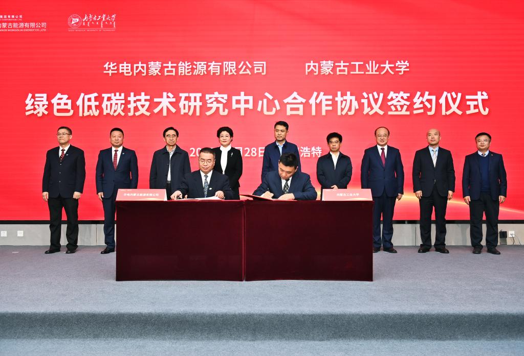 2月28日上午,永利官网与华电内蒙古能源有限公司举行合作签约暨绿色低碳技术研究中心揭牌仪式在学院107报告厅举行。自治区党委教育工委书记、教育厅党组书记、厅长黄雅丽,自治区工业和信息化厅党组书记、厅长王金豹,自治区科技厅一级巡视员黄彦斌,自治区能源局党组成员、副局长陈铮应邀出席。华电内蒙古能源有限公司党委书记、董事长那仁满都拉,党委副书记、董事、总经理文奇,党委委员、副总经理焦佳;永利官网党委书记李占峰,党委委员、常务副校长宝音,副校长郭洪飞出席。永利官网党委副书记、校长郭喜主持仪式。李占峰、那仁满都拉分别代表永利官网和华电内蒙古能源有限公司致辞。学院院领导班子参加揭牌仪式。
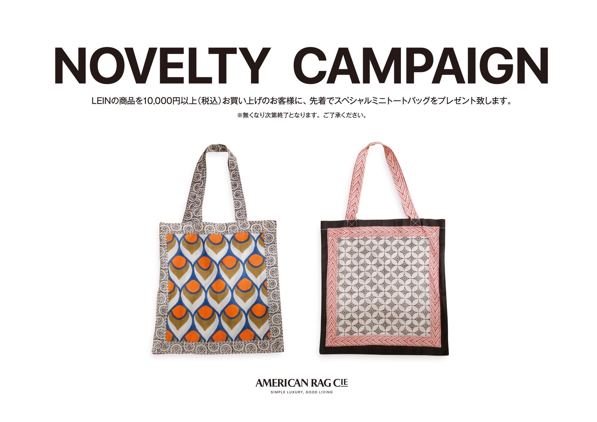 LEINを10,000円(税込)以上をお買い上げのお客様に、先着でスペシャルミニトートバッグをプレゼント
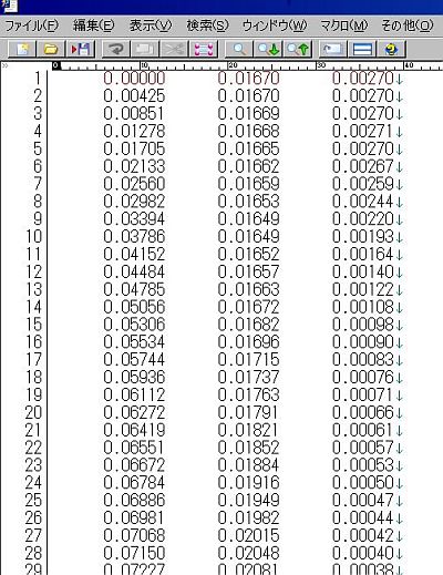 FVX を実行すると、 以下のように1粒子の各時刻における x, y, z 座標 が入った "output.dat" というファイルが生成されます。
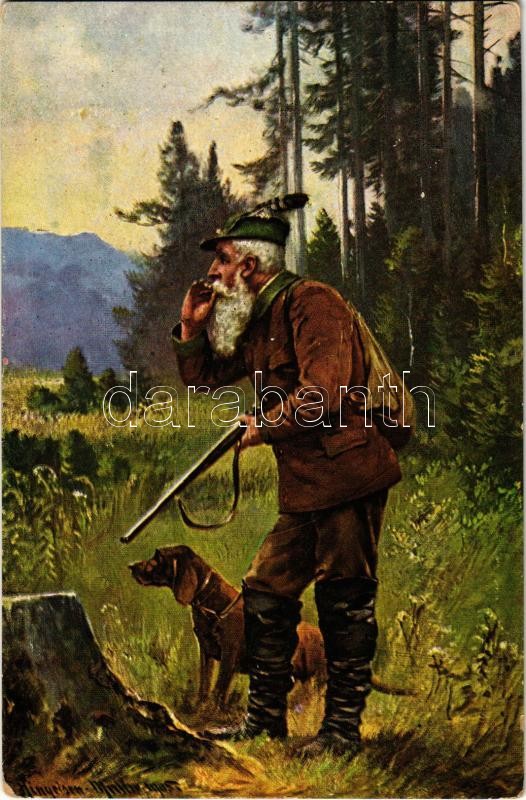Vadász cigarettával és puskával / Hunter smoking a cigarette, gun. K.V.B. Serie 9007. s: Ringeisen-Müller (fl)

--- The problem ---
Reprint the listing above verbatim but drop the images.

--- Solution to the exercise ---
 2月28日上午,永利官网与华电内蒙古能源有限公司举行合作签约暨绿色低碳技术研究中心揭牌仪式在学院107报告厅举行。自治区党委教育工委书记、教育厅党组书记、厅长黄雅丽,自治区工业和信息化厅党组书记、厅长王金豹,自治区科技厅一级巡视员黄彦斌,自治区能源局党组成员、副局长陈铮应邀出席。华电内蒙古能源有限公司党委书记、董事长那仁满都拉,党委副书记、董事、总经理文奇,党委委员、副总经理焦佳;永利官网党委书记李占峰,党委委员、常务副校长宝音,副校长郭洪飞出席。永利官网党委副书记、校长郭喜主持仪式。李占峰、那仁满都拉分别代表永利官网和华电内蒙古能源有限公司致辞。学院院领导班子参加揭牌仪式。
 LEINを10,000円(税込)以上をお買い上げのお客様に、先着でスペシャルミニトートバッグをプレゼント
 FVX を実行すると、 以下のように1粒子の各時刻における x, y, z 座標 が入った "output.dat" というファイルが生成されます。
Vadász cigarettával és puskával / Hunter smoking a cigarette, gun. K.V.B. Serie 9007. s: Ringeisen-Müller (fl)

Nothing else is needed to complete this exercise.